Now that our 1993 Jeep Cherokee’s 4.0-liter inline-six engine has been disassembled, Davin has some prepping to do before it heads to paint—specifically, removing the casting shrapnel from what he calls “a poorly designed mold.” Using a die grinder to clean up the mess, Davin’s time-consuming task was becoming a bit tedious. Then he had an idea: Why not try a tool that’s designed to remove rust? Moments later, a descaler is making quick work of the shrapnel.

With that job finished, Davin cleans up the block in the wash cabinet, blows it out, and begins taping it for paint. That’s when he offers another time-saving tip, showing that he made plastic coverings on a 3D printer that slide nicely into the core plug holes. And off we go to Traverse Body & Paint to “let Darryl do his magic.”

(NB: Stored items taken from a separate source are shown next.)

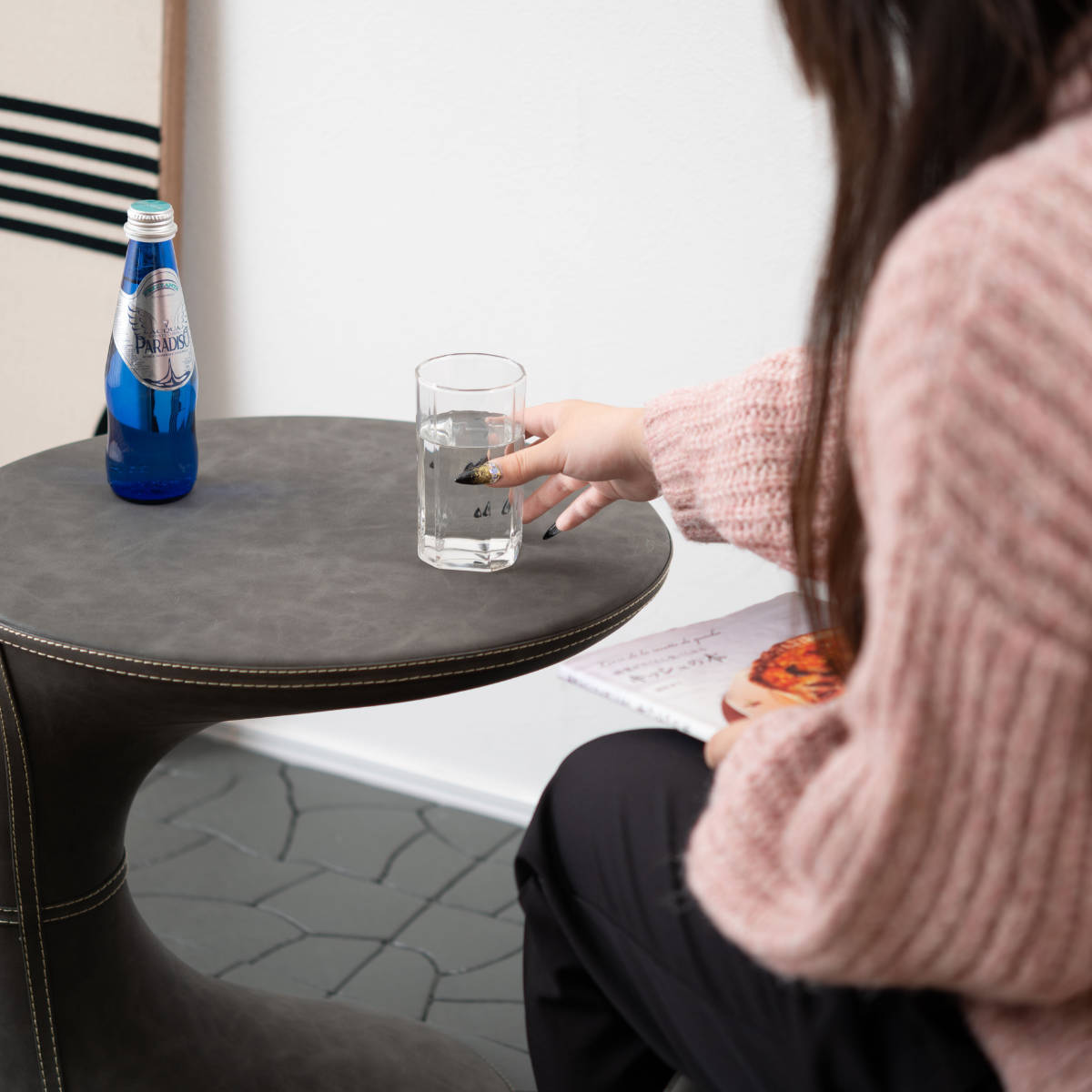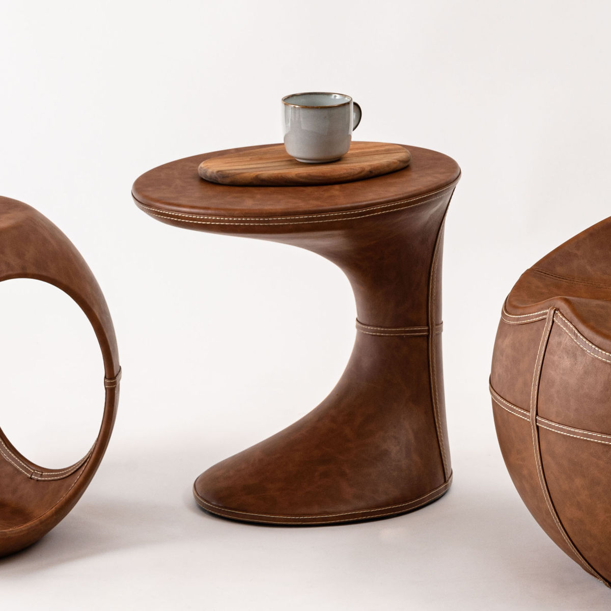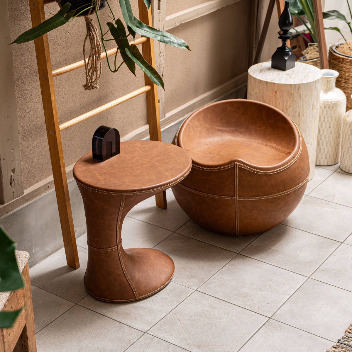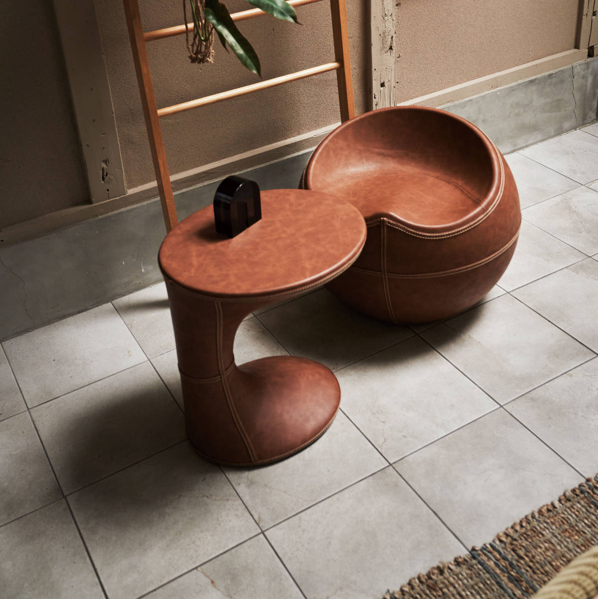 高級感のあるソフトレザーの質感と流線型のフォルムが絶妙な調和を魅せてくれるサイドテーブルです。サイドと内側のステッチもアクセント。独創的なフォルムが空間を彩ってくれるので、置くだけで主役になります。個性的ながら、平らな底と天板でしっかりとした安定感も兼ね備えています。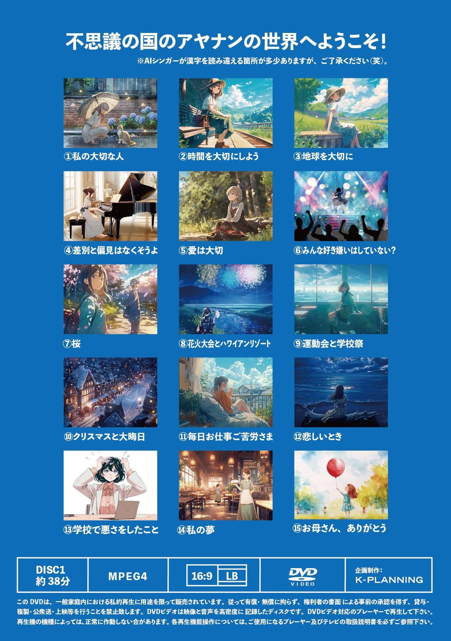 障がいのあるアーティスト・立花綾奈が書いた詩を元に、AIアプリで作曲。ミュージックビデオに加工し、YouTube動画として公開したものをまとめたDVDである。YouTubeに未公開の作品も全曲収録し、15曲が収められている。作者が紡ぎ出す「障がい当事者からの想い」「平和な世界を望む純粋な願い」に、多くの人は心を洗われるに違いない。シンブル過ぎるほどの詩にAIミュージシャンが作成したリズミカルな曲と組み合わせることにより、これだけ説得力あるメッセージに生まれ変わることを、ぜひとも体感してほしい。全曲の詩を掲載した歌詞リーフレット付き。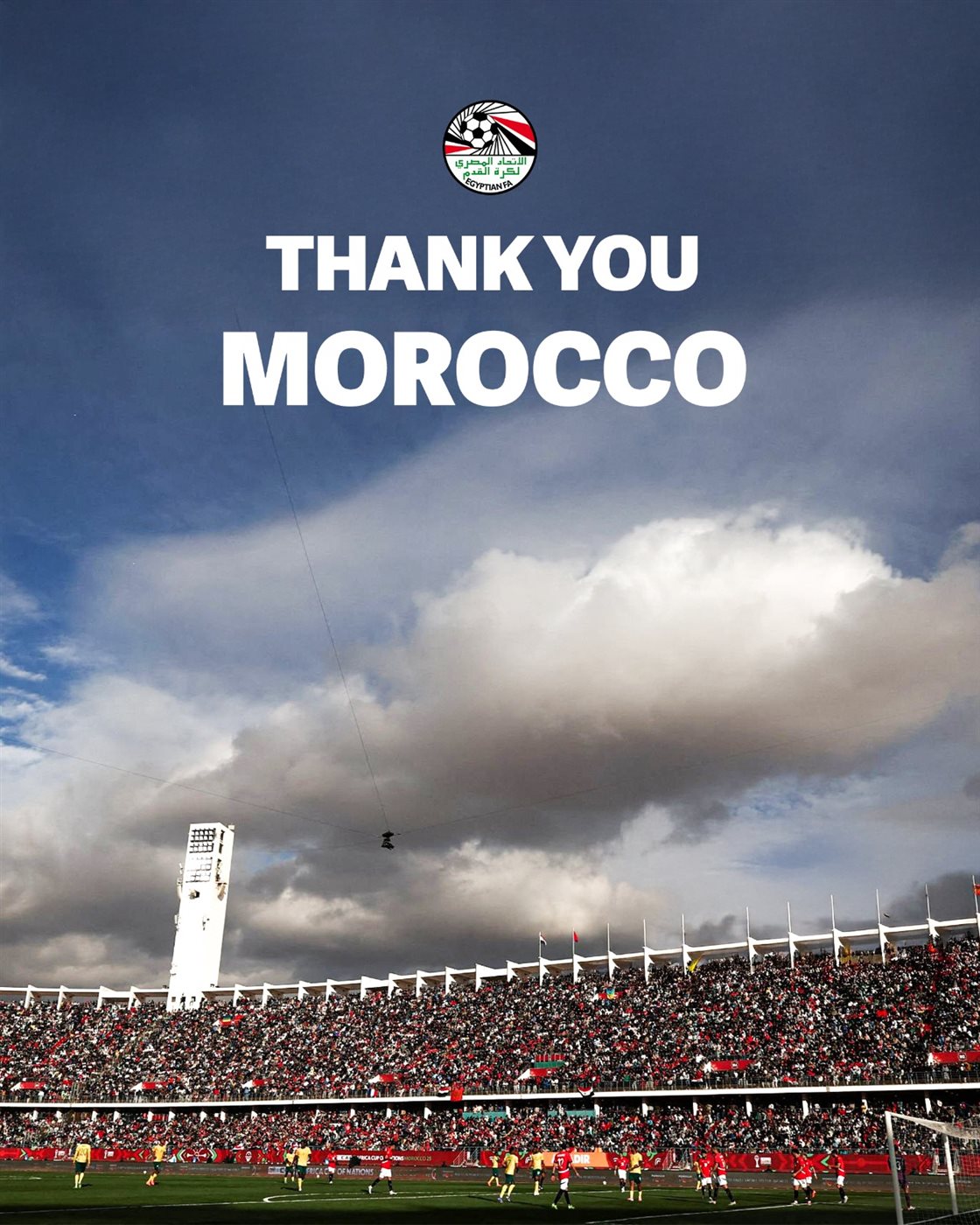 تقدّم الاتحاد المصري لكرة القدم بخالص الشكر والتقدير إلى الجماهير المغربية الشقيقة، على المساندة الكبيرة التي قدمتها لمنتخب مصر خلال مبارياته التي أُقيمت بمدينة أغادير، ضمن منافسات بطولة كأس الأمم الإفريقية.. وجاء في بيان رسمي للاتحاد ما يلي: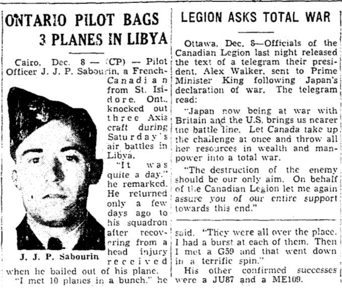 His death occurred on 16 September during air action against Rommel's Army in Libya following a period of widespread activities on both the European and African fronts as a Spitfire pilot. He had already been credited with destroying seven enemy aircraft. He joined the RCAF in June 1940, training in Toronto, Prince Albert and Camp Borden, receiving his Wings in December 1940.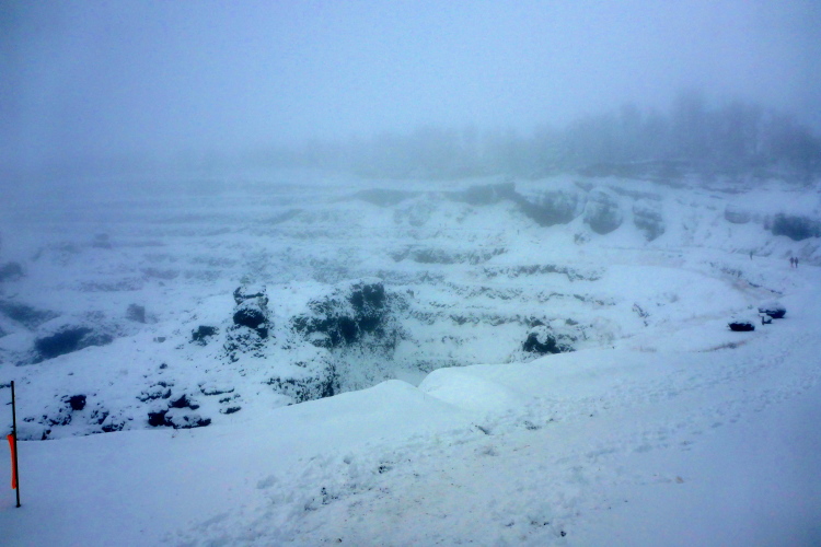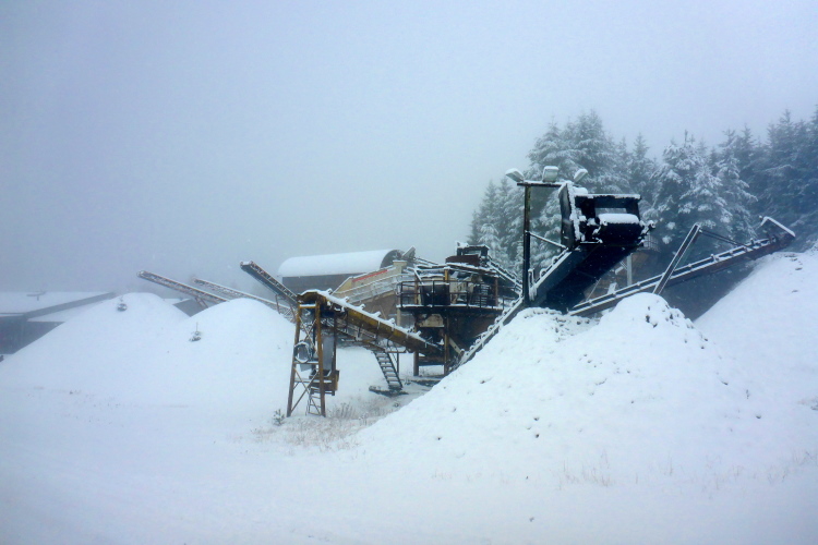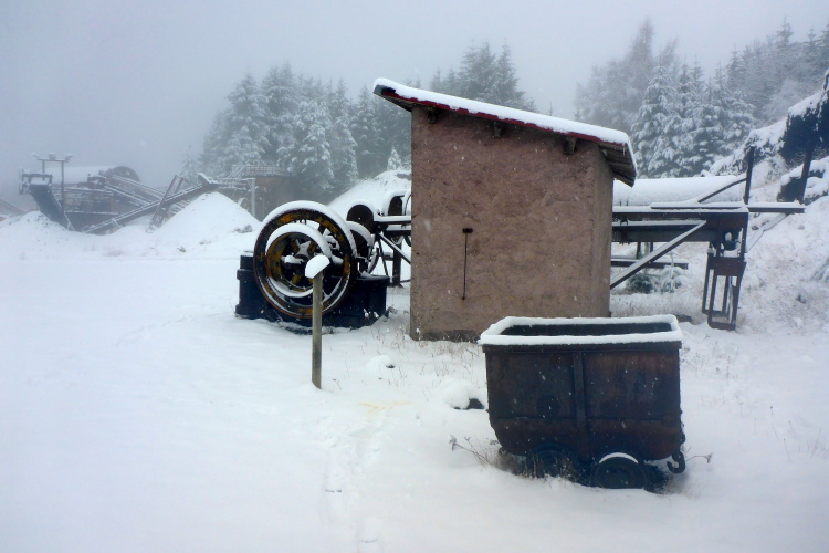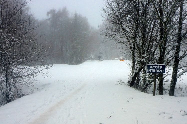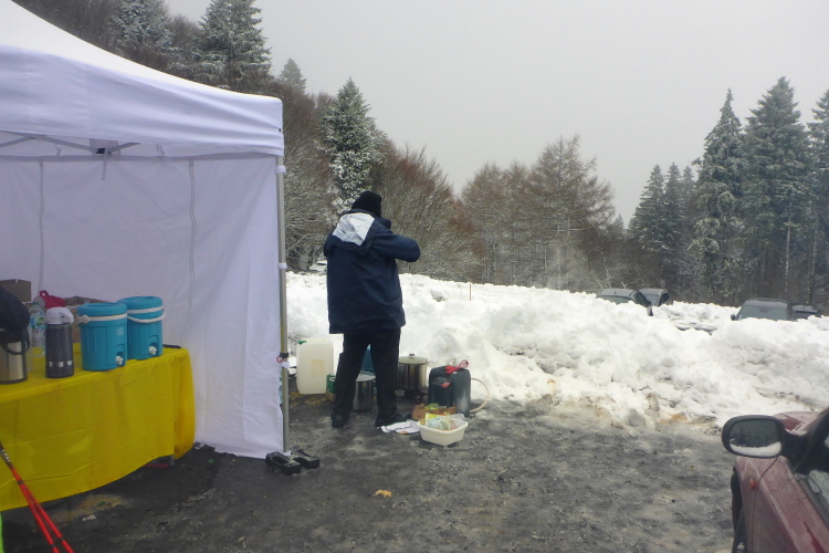 Schnell sind wir am Volcan de Lemptégy. Bei gutem Wetter kann man dort den Innenaufbau eines Vulcans bewundern. Hier wurde Ende des zweiten Weltkrieges Lavaschlacke zum Wiederaufbau der vom Krieg zerstörten Städte abgebaut. Davon ist heute nicht viel zu sehen. Es ist neblig und alles ist dick mit Schnee bedeckt. Immerhin ist die Verpflegung in einer Halle untergebracht. Es gibt warme Suppe und allerlei leckere Sachen. Wir haben eine halbe Stunde auf’s Cutoff. Das ist nicht viel. Ich nehme einen Becher Cola und weiter geht’s.

With the parts laid out on stands, Davin offers his RockAuto.com Tip of the Day: “If you want paint to stick to anything, the surface cannot be smooth, and it needs to be oil-free.” That means, for example, the coating on the oil pan needs to be scuffed up, and then it needs to be wiped clean to remove any finger prints/oil residue.

Check out the results for yourself and also be sure to subscribe to the Hagerty YouTube channel so you never miss an update.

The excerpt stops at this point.